Een smeulende kerncentrale waar nauwelijks iets zichtbaars gebeurt. Dat noemt De Telegraaf op de voorpagina van vandaag natuurlijk een ‘NUCLEAIRE TIJDBOM’. De Britse Daily Telegraphkopt ‘JUST 48 HOURS TO AVOID ANOTHER CHERNOBYL’. Maar voorlopig zijn het de laatste werkelijk urgente krantenkoppen. Rond middernacht besluit de Veiligheidsraad van de Verenigde Naties tot de instelling van een no fly-zone in Libië. Het zwaartepunt van het wereldnieuws is definitief gekanteld.

Het nieuws over Fukushima droogt op. Er wordt getracht de stroom te herstellen om zo de koeling op gang te krijgen. De Metrovindt een kwart binnenpagina hiervoor wel voldoende. “Het is als een kaartenhuis in elkaar gezakt,” constateert Frank Vergeer. “Het is een langgerekte ramp,” aldus Diederik Samsom bij Pauw & Witteman.

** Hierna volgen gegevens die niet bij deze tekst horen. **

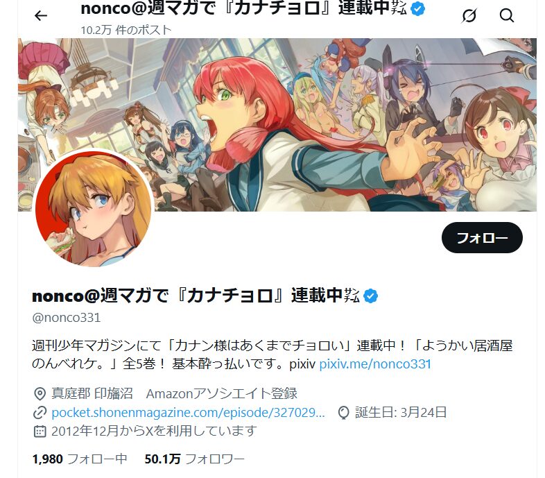 週刊少年マガジンで「カナン様はあくまでチョロい」連載中の人気絵師さんです。
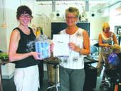 På billedet overrækker indehaveren af »Klippehjørnet« Jytte Syppli Johanson (t.v.) præmien i form af 1 års forbrug af Schwarzkopf Bonacure-shampoo til konkurrence-vinderen, Randi Andersen, Grenaa.
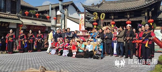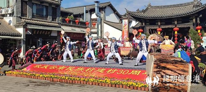 2月18日上午10时,云南民族村建村30周年庆祝活动在25个少数民族欢快的舞蹈中开启。紧接着,纳西族勒巴鼓、藏族热巴鼓、哈尼族地鼓、基诺族太阳鼓、佤族木鼓等组合成一个民族鼓阵,热烈的鼓声响彻民族村。25个少数民族也以激情的舞蹈纷纷为民族村送上生日祝福。随后,30名村寨员工、景区导游每人手捧一个小蛋糕组成蛋糕塔,30支礼花齐放,26个民族共同祝福云南民族村生日快乐。
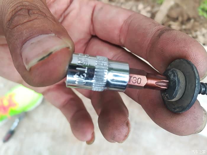 拆发动机护板用到的梅花内六角,型号是T30,有7个螺丝。
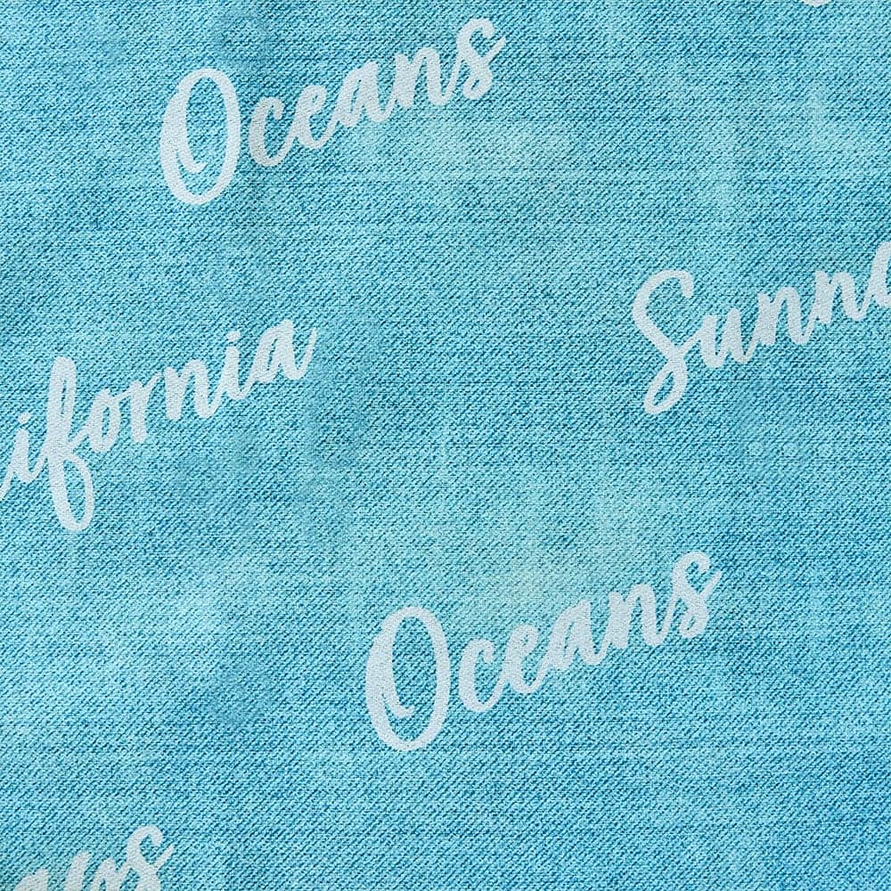 爽やかなカラーとグランジ感が映えるデニム調のカーテン。サーフメッセージ風に晴れた日(Sunny Day)と海(Oceans)などを描いた、当店のオリジナルカーテンです。メッセージ性のあるおしゃれなカーテンで、あなただけのこなれた西海岸インテリアを完成させよう。
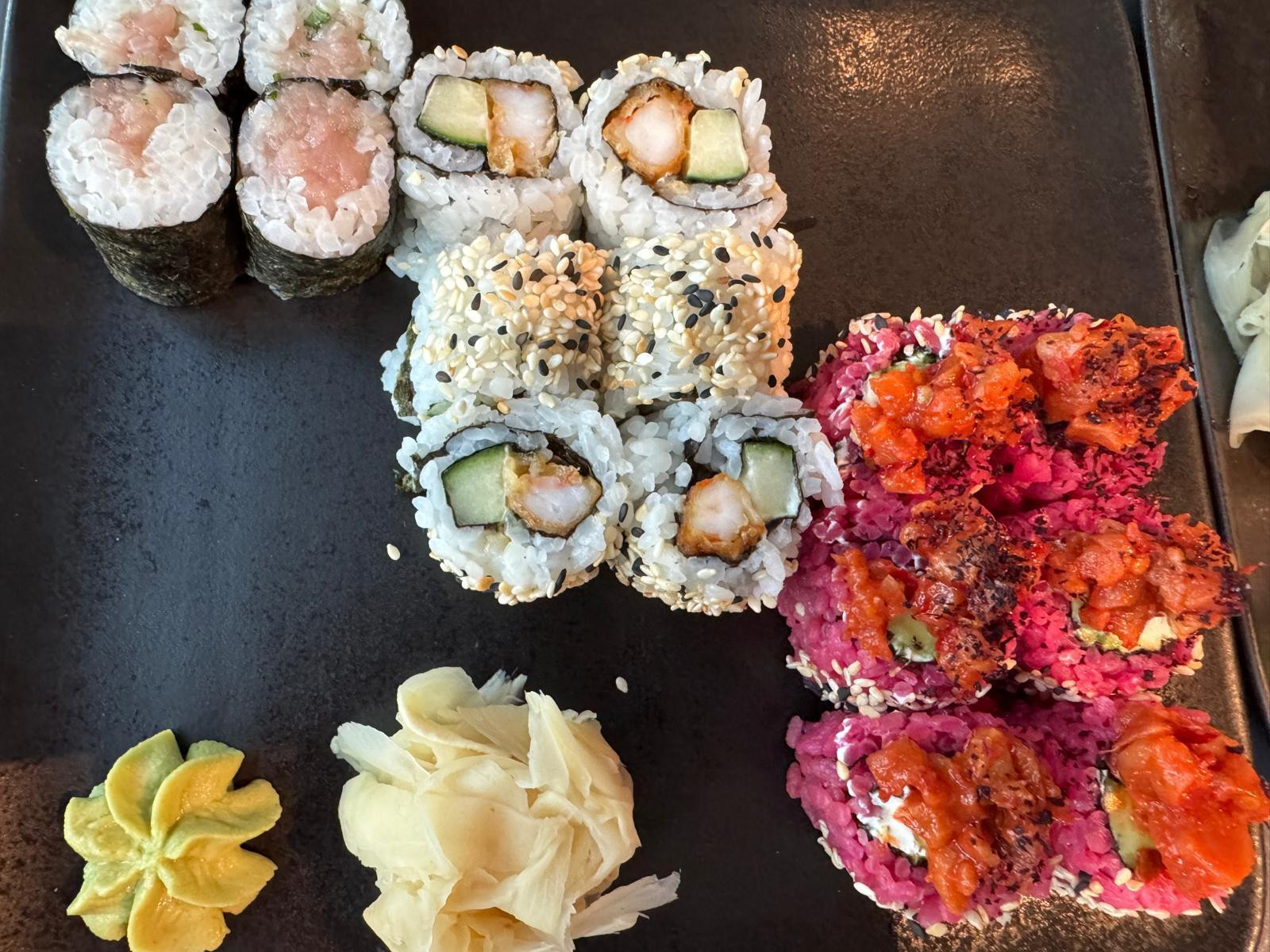Na crnoj podlozi bez dekoracija serviran je trostruki niz rolica koji na prvi pogled djeluje kao pažljivo osmišljen sushi opus. Od klasične negitoro hosomaki rolice, preko tempura uramakija, do napadno ružičaste Spicy Tekka rolade s ciklom redoslijed zalogaja vodi nepce od suptilnog prema eksplozivnom, i to nije slučajno.
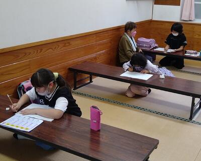 習字の基本である打ち込み、とめ、はね、はらいなどの練習をしています。

Langgerekt en nagenoeg onzichtbaar, dat is uit media-oogpunt een ramp in zichzelf. Wim Turkenburg vindt het allemaal nog steeds ‘zorgelijk’. Maar is het dat wel? In een opiniestuk in de Volkskrant wijst wetenschapsjournalist Arnout Jaspers erop dat er landen zijn (China, Brazilië, India) met regio’s waar het natuurlijke stralingsniveau altíjd twintig keer hoger is dan in Tokio. ‘Japan eerder bang dan ziek door straling’, kopt Trouw vandaag. Ik herinner me een proefschrift uit 1996 over psychische klachten na de ramp bij Tsjernobyl. Een van de conclusies van onderzoeker Johan Havenaar: de toename van gezondheidsklachten na de ramp onder de getroffen bevolking kan beter vanuit angst voor straling dan vanuit de vrijgekomen radioactiviteit zelf worden verklaard. De komende jaren zal van alles en nog wat worden toegeschreven aan Fukushima, ongeacht hoe het er afloopt.

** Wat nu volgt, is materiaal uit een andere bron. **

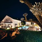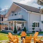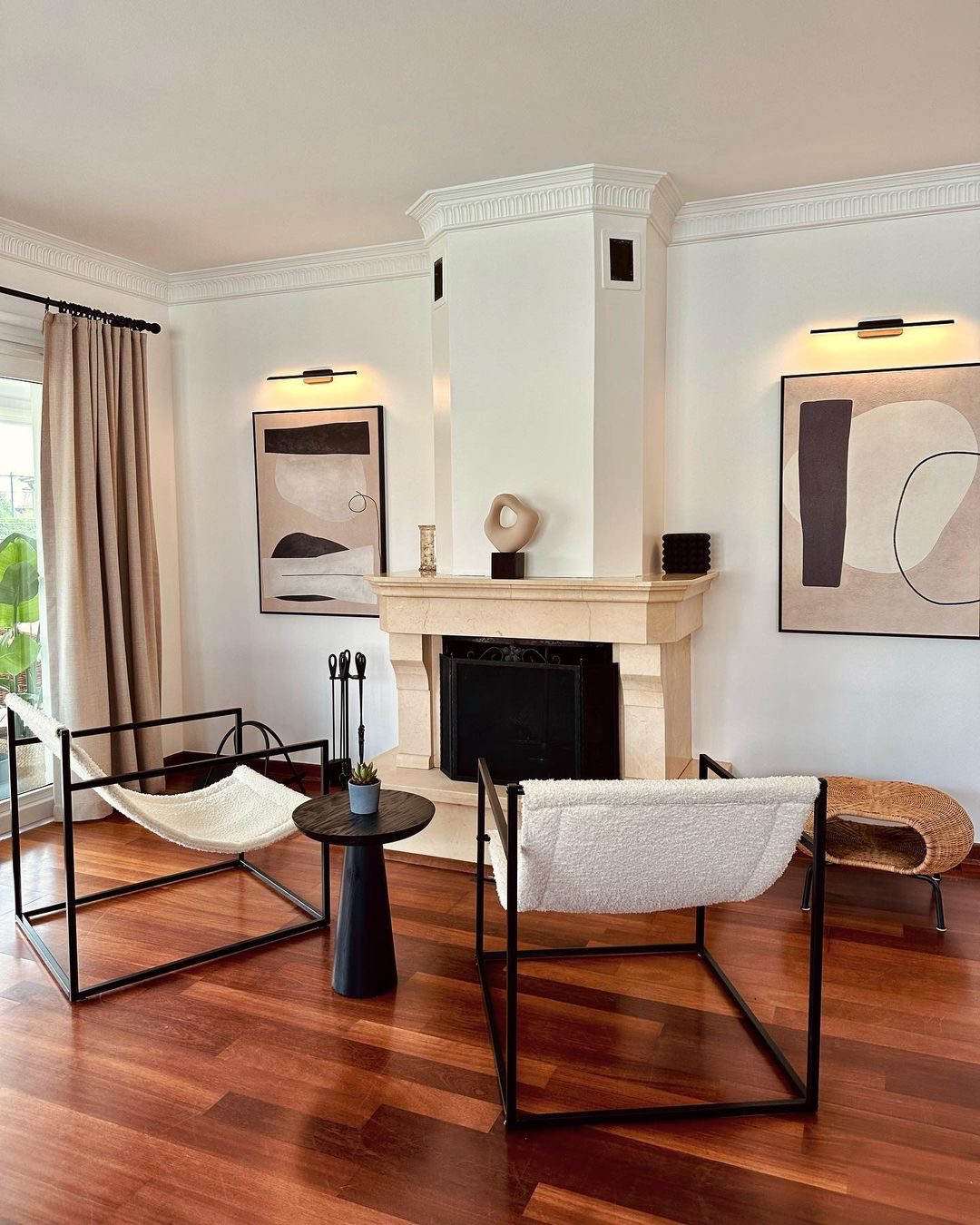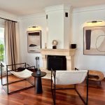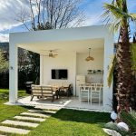 غرفة معيشة ومدفأة كلاسيك في الحديقة
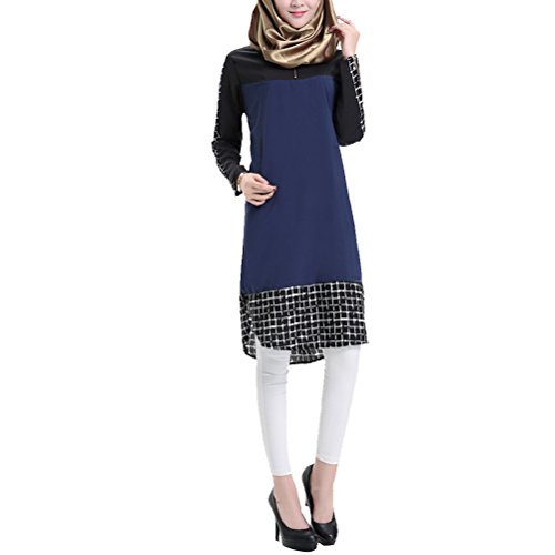 -. Title : Zhhlaixing 高品質 Muslims Splicing Ladies Women Lattice Long Sleeves Middle Dresses ドレス

Er zijn sprankjes hoop. Er komt weer wat stroom beschikbaar voor de koeling van de centrales. Melk en spinazie in de omgeving van de centrale blijken licht besmet; dat verrast niemand. De Volkskrant geeft de ‘deskundigen’ die ons de afgelopen week zo weinig wijzer hebben gemaakt een sneer. Redacteur Rob Vreeken: “Tijdens Tsjernobyl en Three Mile Island zeiden de autoriteiten gewoon: het valt allemaal wel mee. Punt. Eigenlijk is dat de ideale situatie. Dan weet je als burger gewoon dat je wordt genaaid. Dat biedt toch een soort zekerheid.”

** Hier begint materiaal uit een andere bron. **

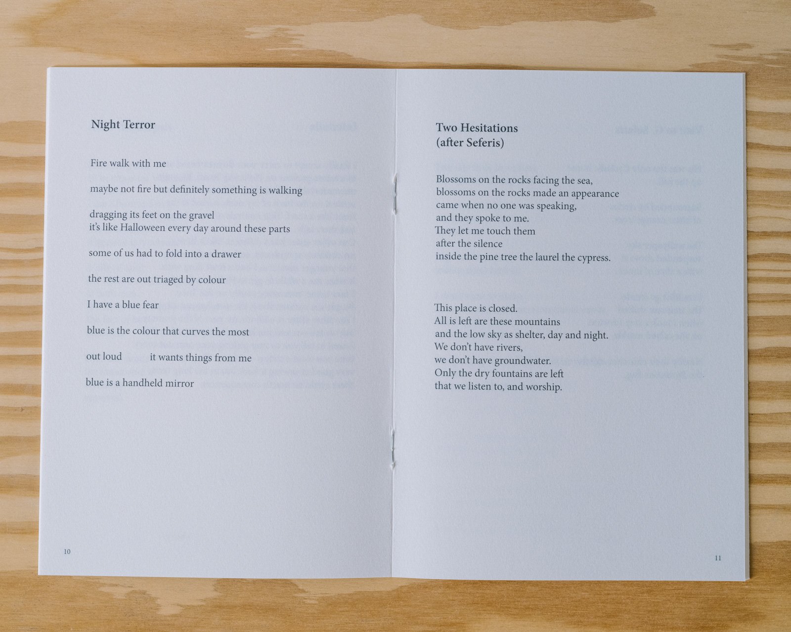 In her poem-zine Vestibular Training, the Italian-Greek poet Alex Keramidas evokes Grecian scenes that, whether desired or not, become frictional palimpsests of past trauma extending back to disrupted infancy, ballasted by present-day emergence in settings that hold forth the promise of solace.

Duitsland is het Europese land dat het felst reageerde op de nucleaire crisis in Japan. De politieke koers rond kerncentrales werd drastisch verlegd. Duizenden gingen de straat op. In de kiosk koop ik Bild am Sonntag, de krant die als geen ander aanvoelt wat er bij de Duitsers leeft. Eén pagina in de krant gaat over Japan. Vier pagina’s zijn gewijd aan de plotselinge dood van het ijsbeertje Knut in de dierentuin van Berlijn. Een week lang was Japan in de collectieve beleving dichterbij dan ooit. Nu is het weer wat het altijd is geweest: een land aan de andere kant van de wereld.